QoS in data centres largely comes down to “is it up or down?”—the focus being on the machines, not the flow of value they enable. Robustness is achieved through (expensive) redundant machines, and improvements in availability is achieved through adding yet more redundancy. This overreliance on capex to solve flow problems should sound familiar by now.

My job at Interxion was to help improve customer service and reduce costs, just as in the other industries I had been in. This means fulfilling value-added demand, and not creating failure demand (like rework in a factory, or retransmits in a network). Being able to differentiate these meant understanding the demands for information flow, and how the supply chain responded to these demands.

Both telecoms and data centres are relatively new industries, deploying complex machines at scale. These machines aim for robustness through redundancy. The standard definition of “success” is that the customer service is not interrupted if you lose an element in the mechanical infrastructure.

Robustness alone is not enough. We also need to be able to anticipate failure, so as to be able to prevent it. We also need to be able to proactively monitor, respond and restore service. If we do these things, we will have good infrastructure that is not just robust, but also resilient.

MG: Why do you say the traditional engineering approach to resilience insufficient?

PC: Many people will have heard of Nassim Taleb’s “black swan” events, which are outliers. Taleb is in the business of risk assessment, which involves judging the probability of something (bad) happening. Any risk assessment takes the likelihood of an event and its impact, and multiplies them.

The standard data centre engineering approach is to take things that are high impact but low probability, put them to one side, and not worry about them. These “improbable” things that don’t get addressed then all happen on Friday at 4pm, Sunday around 2am, or when on holiday and contactable.

These failures can be prevented, and the way you do that is to use the perspective of flow, which is a different perspective to the individual machines. Don’t get me wrong, we still care about the technology, people, and processes. These silos are good and necessary, but they define static forms of quality baked into machines, skills, and methodologies.

The purpose of the system as a whole is to enable flow, so we need to see how these factors interact with their context to satisfy a dynamic quality requirement. From a flow perspective, we want a system that automatically deteriorates in an acceptable way in overload. We know there is variability in demand, and our job is to be able to absorb it (up to a point).
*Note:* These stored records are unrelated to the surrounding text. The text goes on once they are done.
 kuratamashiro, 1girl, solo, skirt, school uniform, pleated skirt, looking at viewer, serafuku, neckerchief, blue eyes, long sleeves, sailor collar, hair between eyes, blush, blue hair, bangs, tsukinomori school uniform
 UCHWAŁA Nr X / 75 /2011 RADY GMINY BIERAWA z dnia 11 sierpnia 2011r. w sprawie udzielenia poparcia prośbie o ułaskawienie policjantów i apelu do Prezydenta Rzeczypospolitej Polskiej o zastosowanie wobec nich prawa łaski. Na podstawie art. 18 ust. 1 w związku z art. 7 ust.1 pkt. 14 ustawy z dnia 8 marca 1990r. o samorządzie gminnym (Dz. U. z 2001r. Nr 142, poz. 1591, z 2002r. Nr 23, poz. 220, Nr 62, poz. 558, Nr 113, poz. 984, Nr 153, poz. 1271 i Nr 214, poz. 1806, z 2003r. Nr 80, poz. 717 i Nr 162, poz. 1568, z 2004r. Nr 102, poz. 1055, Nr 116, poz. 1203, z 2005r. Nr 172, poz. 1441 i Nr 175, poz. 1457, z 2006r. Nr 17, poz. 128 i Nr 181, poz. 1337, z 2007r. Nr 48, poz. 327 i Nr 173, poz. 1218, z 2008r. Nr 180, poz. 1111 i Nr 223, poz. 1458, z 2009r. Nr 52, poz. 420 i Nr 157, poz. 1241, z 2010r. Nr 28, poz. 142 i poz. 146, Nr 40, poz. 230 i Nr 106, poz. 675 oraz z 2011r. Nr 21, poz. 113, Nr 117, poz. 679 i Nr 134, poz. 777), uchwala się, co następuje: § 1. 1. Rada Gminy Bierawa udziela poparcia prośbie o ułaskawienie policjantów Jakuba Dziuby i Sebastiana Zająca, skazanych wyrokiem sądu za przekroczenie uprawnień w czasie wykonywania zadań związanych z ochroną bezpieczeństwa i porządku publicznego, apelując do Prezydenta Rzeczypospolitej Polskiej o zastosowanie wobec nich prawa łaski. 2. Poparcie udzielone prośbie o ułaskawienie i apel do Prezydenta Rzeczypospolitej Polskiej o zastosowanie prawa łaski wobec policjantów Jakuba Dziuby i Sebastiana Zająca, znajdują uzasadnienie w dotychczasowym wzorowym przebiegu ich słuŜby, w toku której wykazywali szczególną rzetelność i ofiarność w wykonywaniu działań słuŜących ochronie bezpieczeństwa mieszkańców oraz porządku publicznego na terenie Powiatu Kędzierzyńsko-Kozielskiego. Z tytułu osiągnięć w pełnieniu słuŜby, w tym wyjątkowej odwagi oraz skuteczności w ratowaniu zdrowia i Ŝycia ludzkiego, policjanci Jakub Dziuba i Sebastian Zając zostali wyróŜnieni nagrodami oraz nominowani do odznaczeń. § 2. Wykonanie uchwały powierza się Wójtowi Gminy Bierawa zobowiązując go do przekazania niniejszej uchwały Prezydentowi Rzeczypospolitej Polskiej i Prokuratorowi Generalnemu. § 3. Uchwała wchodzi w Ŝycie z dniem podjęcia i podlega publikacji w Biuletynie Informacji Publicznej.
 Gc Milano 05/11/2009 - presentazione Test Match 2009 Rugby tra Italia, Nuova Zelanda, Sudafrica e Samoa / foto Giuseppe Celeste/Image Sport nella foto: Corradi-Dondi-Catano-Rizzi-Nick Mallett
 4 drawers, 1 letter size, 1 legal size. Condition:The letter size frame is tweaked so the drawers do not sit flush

This ties into resilience, but is different in a critical way. How you increase resilience is a process of continual improvement at human timescales. In contrast, we are managing dynamic quality, often at sub-second machine operation timescales. This is a result of how people, process, and technology all interact.
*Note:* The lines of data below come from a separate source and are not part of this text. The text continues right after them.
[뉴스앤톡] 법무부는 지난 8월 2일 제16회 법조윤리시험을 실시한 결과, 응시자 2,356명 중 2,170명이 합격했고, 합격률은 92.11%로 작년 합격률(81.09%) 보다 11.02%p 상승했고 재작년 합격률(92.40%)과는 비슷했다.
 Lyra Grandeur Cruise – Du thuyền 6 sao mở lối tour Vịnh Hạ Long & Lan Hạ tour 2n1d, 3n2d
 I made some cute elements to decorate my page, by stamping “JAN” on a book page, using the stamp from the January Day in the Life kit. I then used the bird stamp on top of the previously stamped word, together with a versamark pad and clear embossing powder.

Taleb puts it nicely when he talks about “black swan” events that have low probability and high impact. He describes “antifragile” systems that get stressed by these outlier events, and learn how to respond appropriately. How did a demand or supply change impact the flow? Does it make any difference, and what’s the right way to adapt?

My opinion is that we must adopt lean and antifragile engineering principles in data centres and networks if we are to meet future customer demands.
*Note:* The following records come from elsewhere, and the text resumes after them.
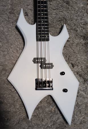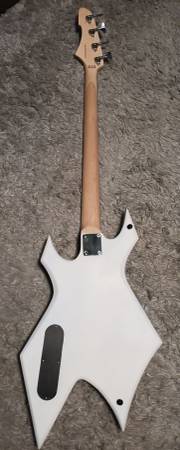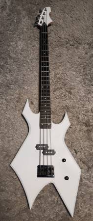 Used Harley Benton warlock bass in matte white. Tested and working like new. It has barely any wear and sounds similar to a fender p bass. Set up for B E A D tuning, string gauges 65 85 105 125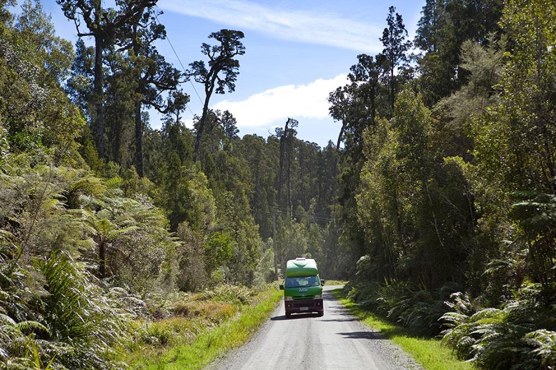 Veikartet informerte oss om at hele vestkysten av Sørøya var bedekket med nasjonalparker. Ett av de viktigste salgsargumentene for å reise hit var storslått natur. Vi satte kursen ut på vei 6. De sørlige alpene presenterte seg med krystallklart fjellvann og elver med snødekte topper som bakteppe. Solen malte et fargebilde med toner av indigo på sin nedadgående ferd bak den taggete horisonten. New Zealand leverte. Ferden tok oss videre ned i lavlandet hvor landskapet forvandlet seg til en frodig grønn skog. Mørke trær steg opp på hver side og skyggela veien, hengende over asfalten på et trolsk vis, som om de prøvde å hjemsøke passeringen av alle kjøretøyene.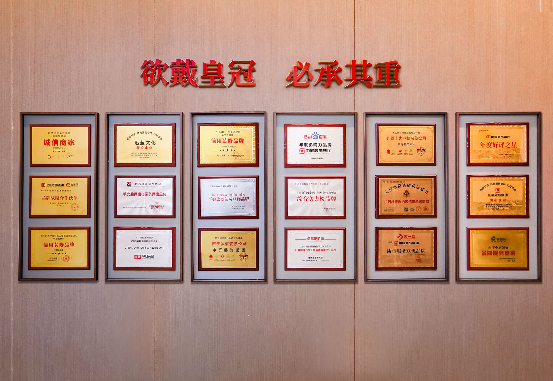 集團堅持以匠魂匠心筑家,憑借統(tǒng)一規(guī)范的施工工藝、卓越的品質(zhì)、良好的信譽及優(yōu)質(zhì)的服務(wù)頻獲認可,多次榮獲“3·15誠信企業(yè)”、”廣西壯族自治區(qū)信用裝飾示范企業(yè)”、”廣西壯族自治區(qū)信用承諾商家”、“百姓放心消費口碑品牌”、“廣西影響力·工匠精神品牌”等榮譽稱號。

MG: Can you give me an example to bring this to life?

PC: These concepts of flow need to be seen holistically, as it’s not just about packet flows. For instance, if you run a data centre too hot, then the cooling equipment can’t cope. If you can’t flow the heat out, you have to turn machines off.

It’s a system which has an environmental context; energy in as electricity; electronics to compute and connect; and then mechanical and heat energy outputs. There are energy flows that connect these machines together. It is a single system with dependent events and variability, just like many other engineering systems.

Let me give you an example of how one seemingly small thing can make a huge set of expensive infrastructure very fragile. Energy flow through a data centre often depends on generators when there is a problem with gird power. During one “flow audit” I did I was being shown the big shiny generators and fuel tanks, and told how much capacity they had.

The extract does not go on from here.